Human beings are made of culture. In many ways, each of us is a product of what we are exposed to. What we want, like, and believe varies depending on where we are born and who our parents are. Due to each of our particular experiences growing up, we express different preferences. Holmes loves granite rocks and barberry bushes, while I prefer tree-lined side streets with cracks filled in with tar.

A corollary to this observation is that what we choose to do affects the choices that others make. We react to what we experience in others - manners, gestures, clothing, and goods. What others wear influences our idea of fashion, what we make influences how others make things, and when you read my last sentence it interacted with your mental picture, producing some new state, perhaps not the one I intended. This concept can be modeled by imagining that what we do ripples out around us to those able to observe us, shaping their world view. In turn, their actions create observational ripples back to us. These ripples influence our choices, shaping who we are out of the dynamic system called culture.

"The Captain said to John Henry, I'm gonna bring that steam drill 'round'"

The mechanized production of goods, services, and artistic works in this system affects the way that culture is produced too. Instead of the democratic paradigm - with each of us producing the same amplitude of ripples throughout the system when we act - mechanized production and delivery has the ability to create shockwaves through the culture system. Those with control over production and distribution have their decisions observed by more people, which influences more behavior resulting in an asynchronous capability to shape culture and who we are.

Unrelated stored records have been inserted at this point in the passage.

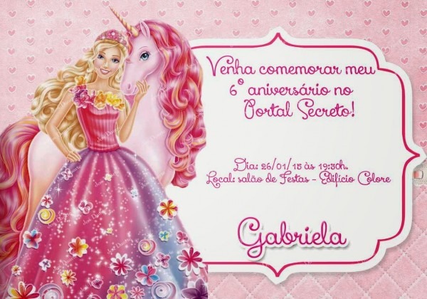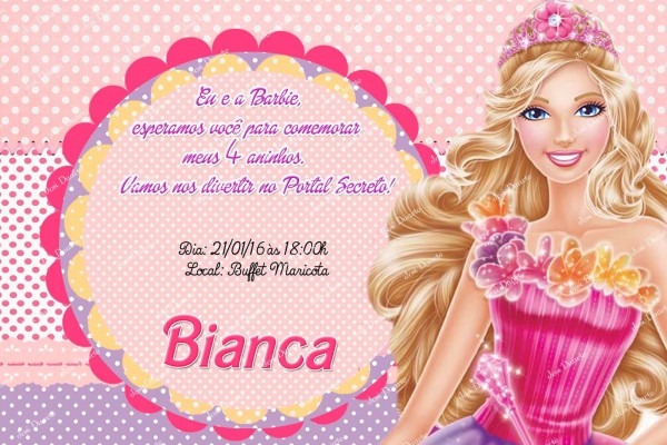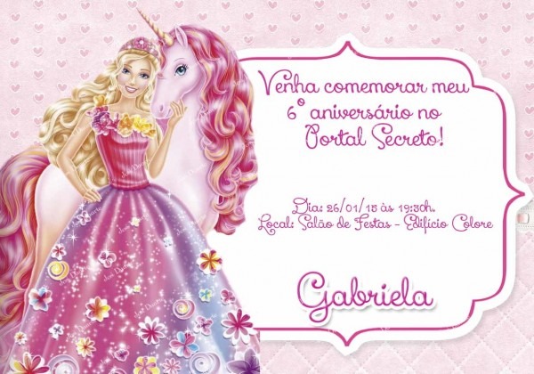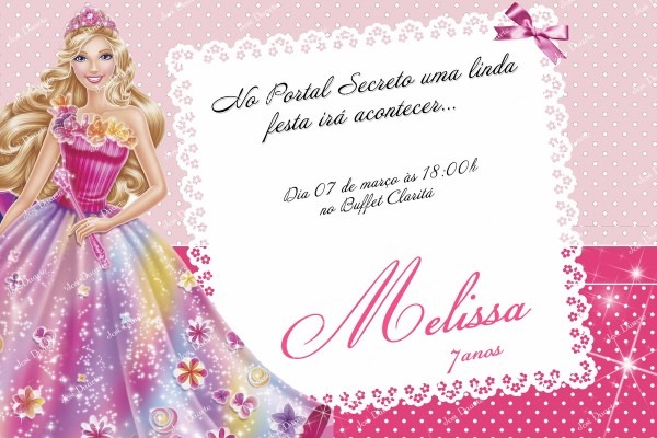 Convite Barbie Portal Secreto no Elo7 . Compre Convite Barbie Portal Secreto no Elo7 por R$ 0,99 | Encontre mais produtos de Convites de Aniversário Infantil e Aniversário e Festas parcelando em até 12 vezes | -Convite personalizado impresso em papel fotográfico 230g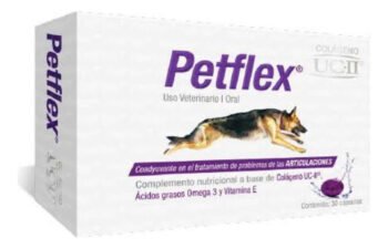 Características: Petflex Condroprotector indicado en la artritis de perros y gatos | actúa sobre la articulación dañada, por mediación del sistema inmunológico, regenerando el cartílago. Mejora la movilidad y flexibilidad, reduciendo significativamente el dolor articular. El UC-II es un colágeno tipo II sin desnaturalizar derivado del cartílago del esternón de pollo. El colágeno tipo II es la principal proteína estructural del cartílago y representa aproximadamente el 50% de la matriz extracelular del cartílago. Ayuda en el tratamiento de problemas de las articulaciones por el deterioro del cartílago, caracterizado por dolor y pérdida de movilidad. Principio Activo: Colageno UC-II 40mg Acidos Grasos Omega 3 157.14mg De los cuales: EPA (Ácido eicosapentaenoico) 78.57mg DHA (Ácido Docosahexaenoico) 31.43mg Vitamina E (Acetato de dl-alfa-tocoferol) 21UI Excipiente cbp 1 capsula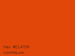 Hex #e14709 Color is a normal orange color and the nearest color is Trinidad #e64e03. Hex code #e14709 and RGB value is rgb(225,71,9). In RGB color space, this color is composed of 88% red, 28% green, 4% blue, In CMYK color space, this color is composed of 0% cyan, 68% magenta, 96% yellow , 12% black , In HSL color space, this color has a hue angle of 17° , 92% saturation and 46% lightness.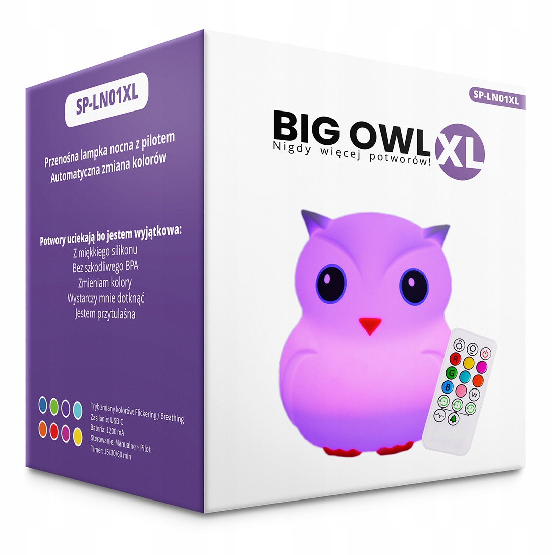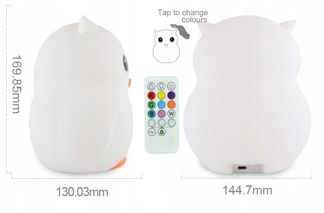 Вы можете легко зарядить Big Owl XL с помощью кабеля USB-C. b> Практичный пульт дистанционного управления позволяет точно выбрать тип активности лампы и цвет света из 9 цветов. В зависимости от ваших потребностей вы также можете регулировать яркость лампы. Полезная функция таймера позволит заранее спланировать время работы ночника на 15, 30 или 60 минут.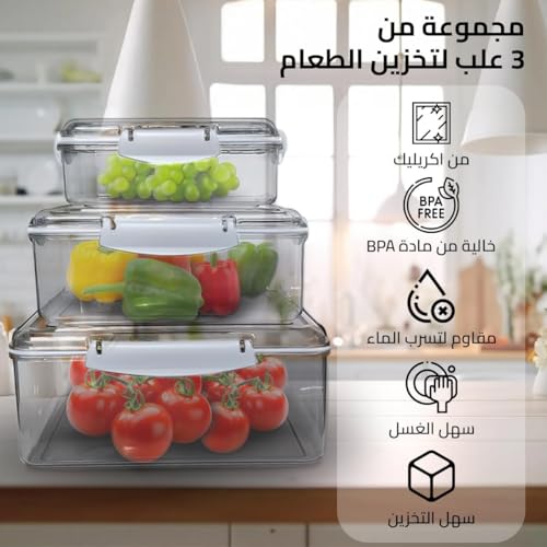 Generic - Ankh-Home-Supplies Clear Acrylic Food Storage Containers with Airtight Lids, 3-Piece Set, Kitchen Organisation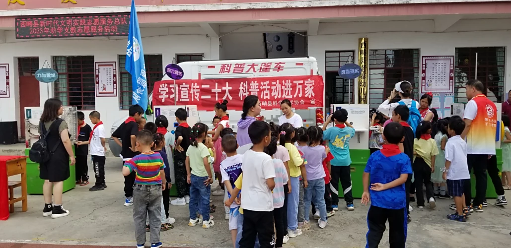2023年6月1日,西畴县科协、县气象局、县老科协联合到西畴县老寨民族小学开展“科普知识进校园暨欢庆六一”科普宣传活动。 活动主题为落实立德树人根本认务,培养拥有“四个自信”好孩子,开展科普大篷车进校园传播科学思想,普及科学知识,启迪培养学生科学兴趣。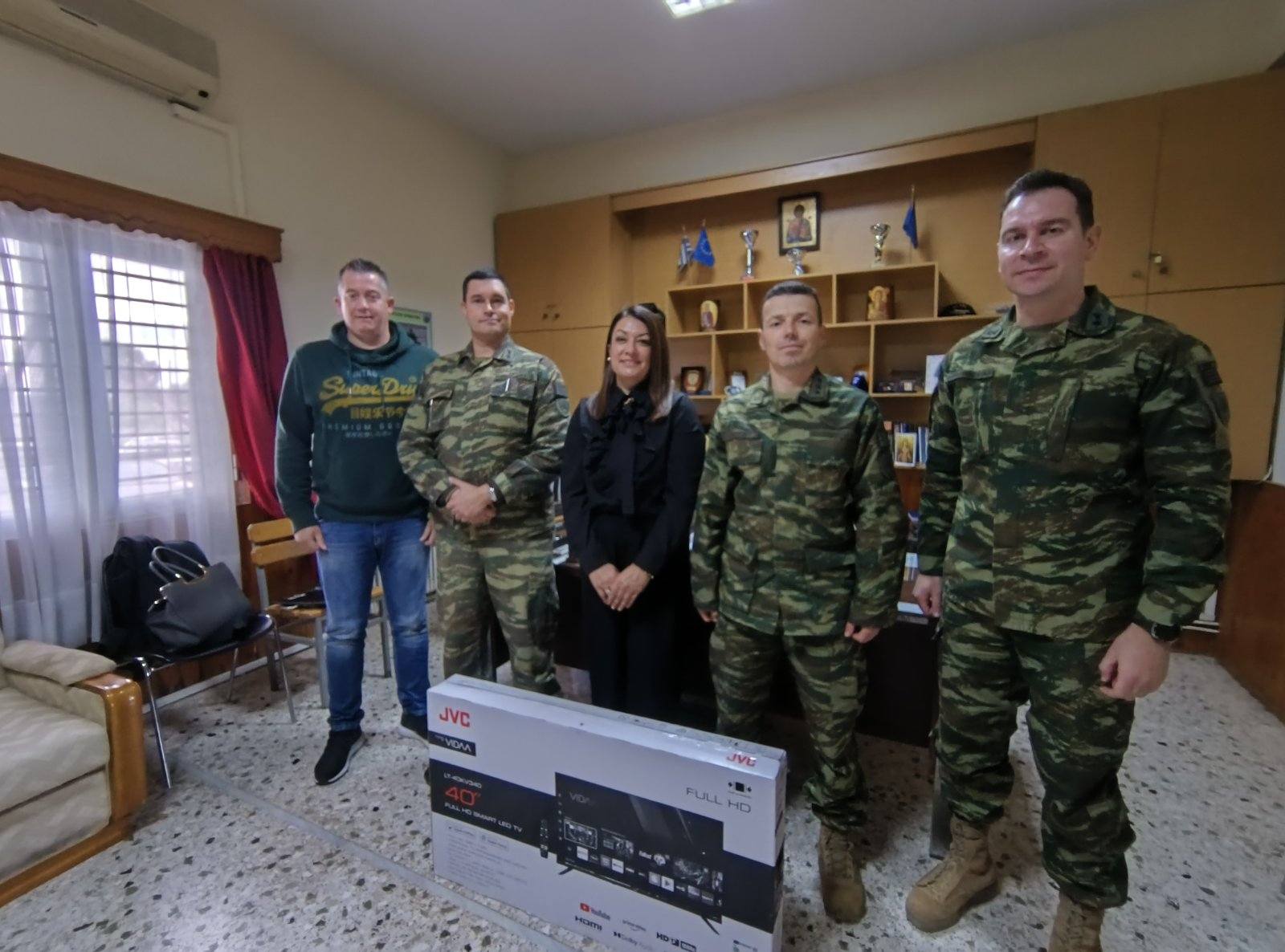 Κατά την επίσκεψη, η Πρόεδρος της Ένωσης, Αθανασία Φαράντου, και ο Γενικός Γραμματέας, Ηρακλής Κοντογιάννης, παρέδωσαν μια τηλεόραση υψηλής ευκρίνειας με σκοπό την υποστήριξη και αναβάθμιση της λειτουργίας του Ηλεκτρονικού Συστήματος Ασφαλείας (Η.Σ.Α.) του στρατοπέδου.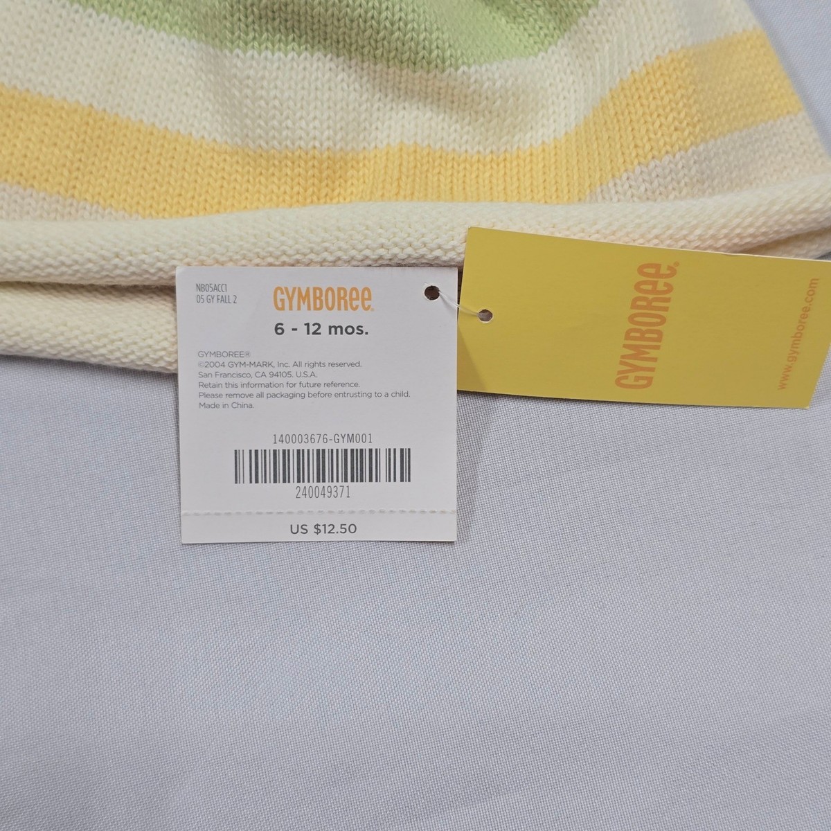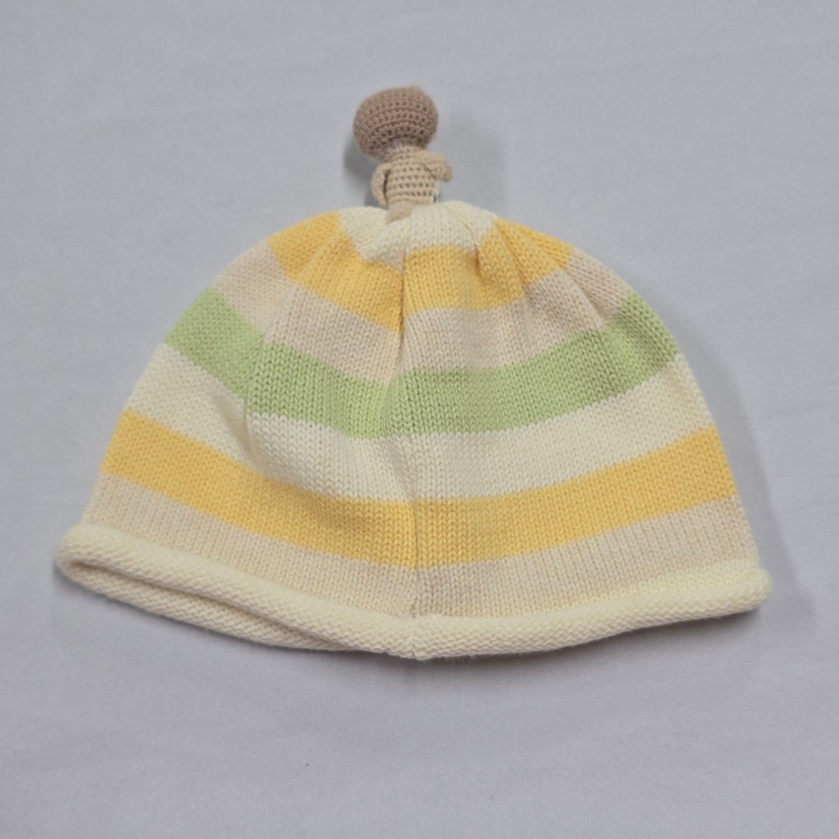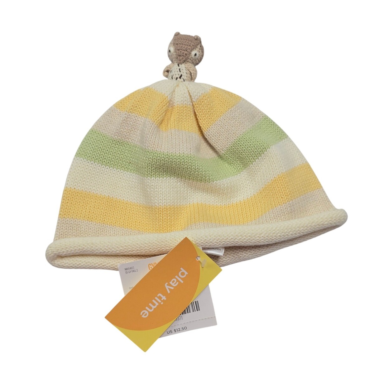 Gymboree Baby Hat Beanie Owl Applique Knit Striped Yellow Green White 6 12 m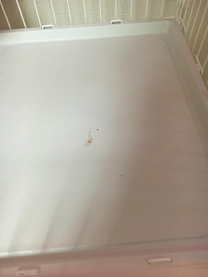 赤いなにかのシミ…これ血だよね!?と身体をさわさわしてもどこにも怪我なども無し…本人はケロッとしたものです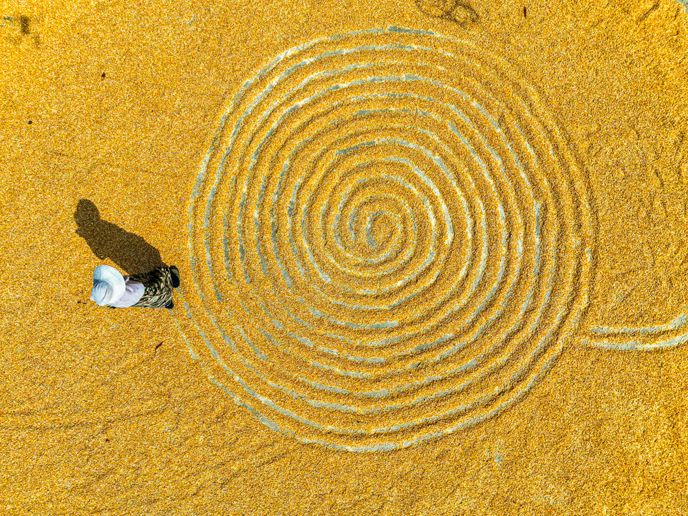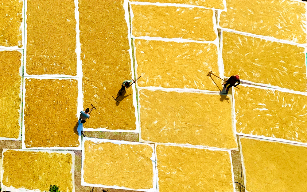 ↑2025年9月13日,农民在贵州省黔东南苗族侗族自治州从江县东朗镇摆啊村翻晒稻谷。(无人机照片)CICPHOTO/樊绍光 摄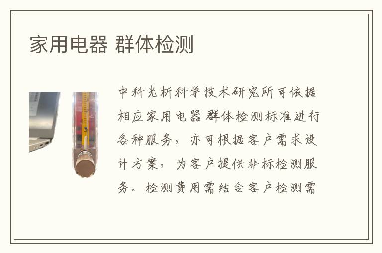 關鍵詞:家用電器群體項目報價,家用電器群體測試標準,家用電器群體測試周期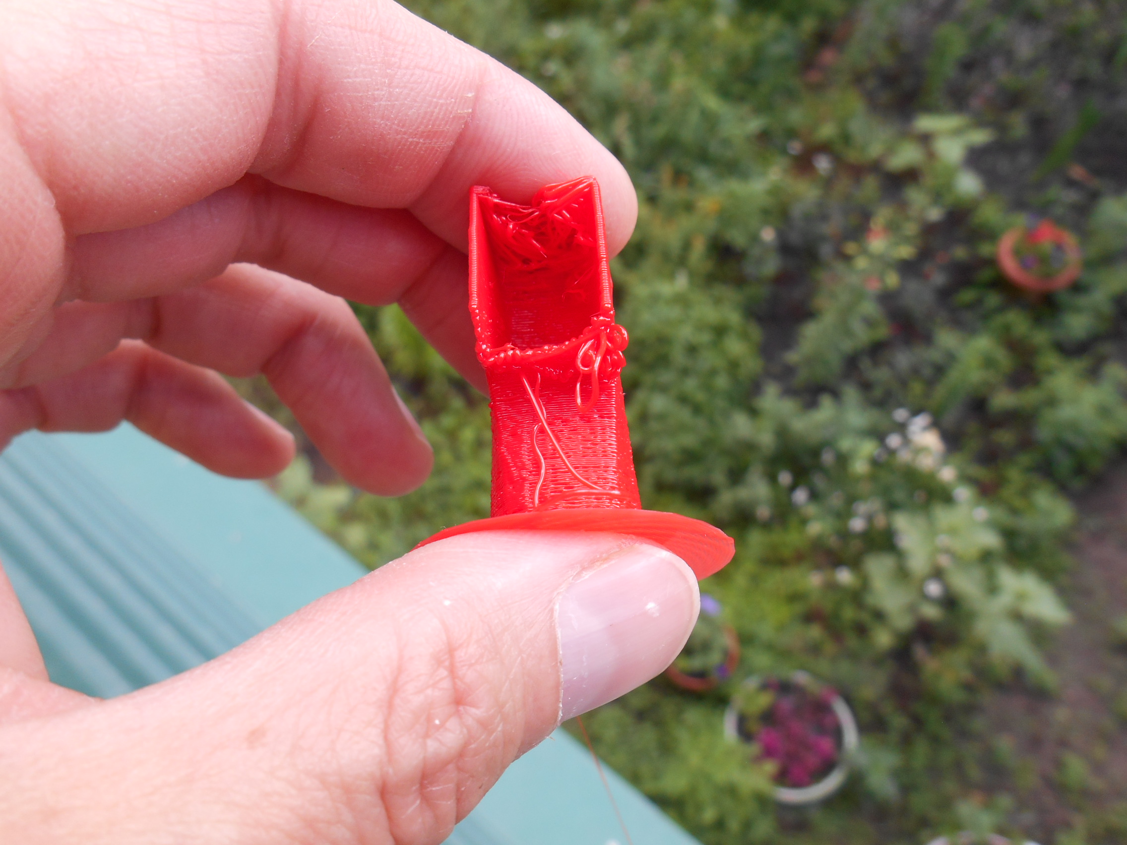 Сказывается нехватка обдува (и отсутствие поддержек). Но решил довести эксперимент до конца. Выложу смешные фото
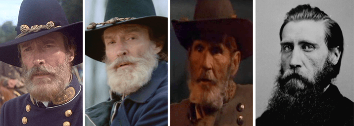 Hood as portrayed by (l. to r.) Patrick Gorman in Gettysburg (1993) and Gods and Generals (2003), Levon Helm in In the Electric Mist (2009) and himself in real life (c. 1865).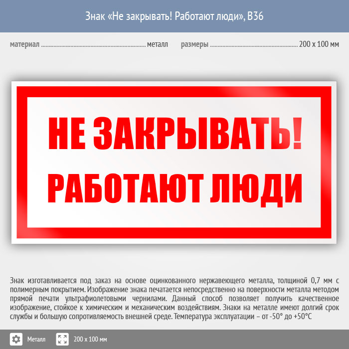 Знак «Не закрывать! Работают люди», B36 (металл, 200х100 мм) в Лобне купить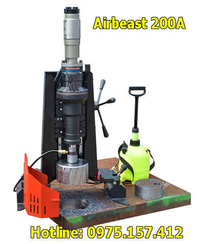 Máy khoan từ Airbeast 200A là dòng máy khoan từ hạng nặng 200mm hiệu JEI nhập khẩu từ Châu âu. Nó hoạt động bằng khí nén với khả năng khoan lỗ to trên thép tấm, bảng mã, mặt bích, thép dầm. Đường kính khoan lớn nhất 45mm với mũi khoan xoắn, 12-200mm bằng mũi khoan từ. Ngoài ra, máy khoan từ khí nén Airbeast 200A còn có khả năng taro lớn M44, vát miệng lỗ phi 110mm. Do đó, nó thường được dùng nhiều trong cơ khí, đóng tàu..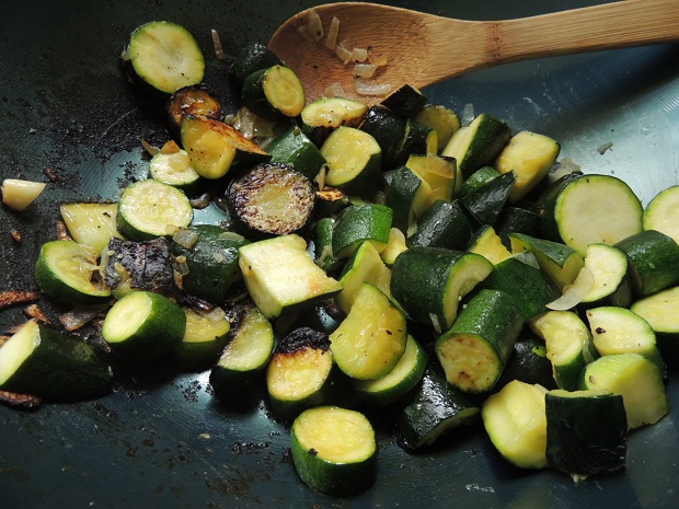 Em uma panela, frite a cebola e o alho picado na manteiga. Acrescente a abobrinha cortada em pedaços pequenos, tempere com sal e pimenta e refogue por dez minutos ou até que amoleçam. Desligue o fogo apenas quando a abobrinha estiver prestes a queimar. Assim você obtém um sabor “defumado” extra (foto: Monique dos Anjos)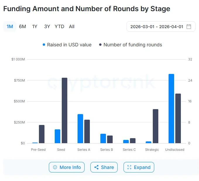 Most of the rounds were seed-stage, receiving $1M-$3M each, while the bulk of funding went to undisclosed late-stage rounds. | Source: Cryptorank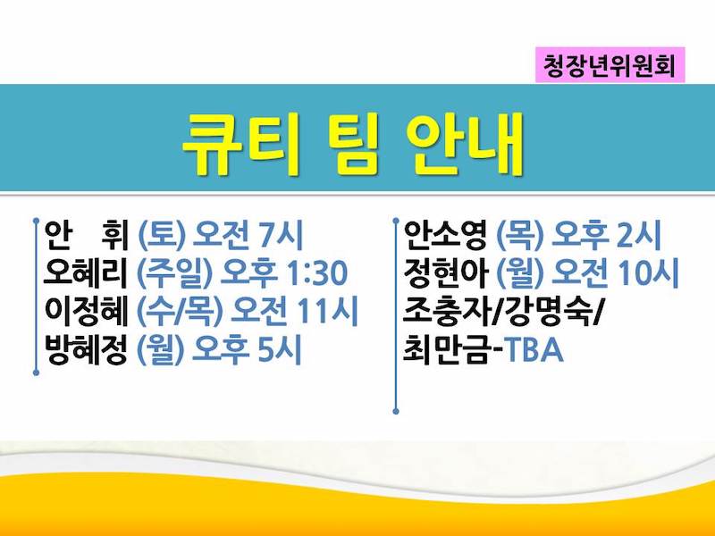 4)큐티 팀 안내: 안 휘-토 오전 7시, 오혜리-주일 오후 1:30,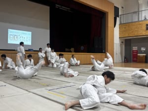中1の体育の授業では、「武道-柔道-」に取り組んでいます。

This expanded capability has wide ranging effects into each and every portion of our lives. Television producers influence how we laugh with our friends, operating system designers influence, and in some cases dictate, how how we use computers, textbook makers influence how we learn to think, fashion designers influence what label (or lack thereof) fits 'us' the best, magazine editors influence what constitutes a 'normal' relationship, body type, or frame of mind, and mechanized production of crafts influences our sense of quality, practicality, and usefulness. In this sense, the designers of the mass produced goods influence what we want, how we work, and who we are.

This does not imply that an average person is powerless to shape themselves against these forces. Quite the opposite, this model describes a situation where we choose our actions in response to these forces; and through these choices we shape ourselves out of the culture that surrounds us. The implication is, however, that the control over this mass production affects the building blocks out of which we make ourselves, yielding a great deal of influence concerning who we are to those in control of the mechanization.

"That ain't no storm, Captain, that's just my hammer in the air"

The internet gives those with access the means to touch as wide a range of people as those whose decisions can be amplified by mechanized production and distribution. Creating and posting writings, audio, and video that can be accessed by any interested party is quick and simple. Further, this ability does not just extend to traditional media. For example, sites like etsy serve as a marketplace where people can buy and sell handmade goods, allowing people to reach people across the globe with their own creations. There are also communities that share design plans in formats that allow people to replicate the designed goods using a fabrication machine. Other tools allow people to comment and collaborate on top of other people's content, such as dispute finder and shift space. Finally, sites like reddit and digg replace the traditional role of editor with a community that votes upon articles which they find interesting or valuable.

The implication of the internet, as seen through these examples, is that an average person increasingly has the power to reach others with the same amplification effect as those in control of mechanized production. This tendency is towards the democratic ideal of culture - each of us with an equal opportunity to influence each other, and thus a better chance at determining our own destiny. John Henry hammered against the steam drill in order to preserve the humanity of his profession in an ever more mechanized world. The internet is our tool to do the same - to participate in and develop the cultural forces out of which we are made.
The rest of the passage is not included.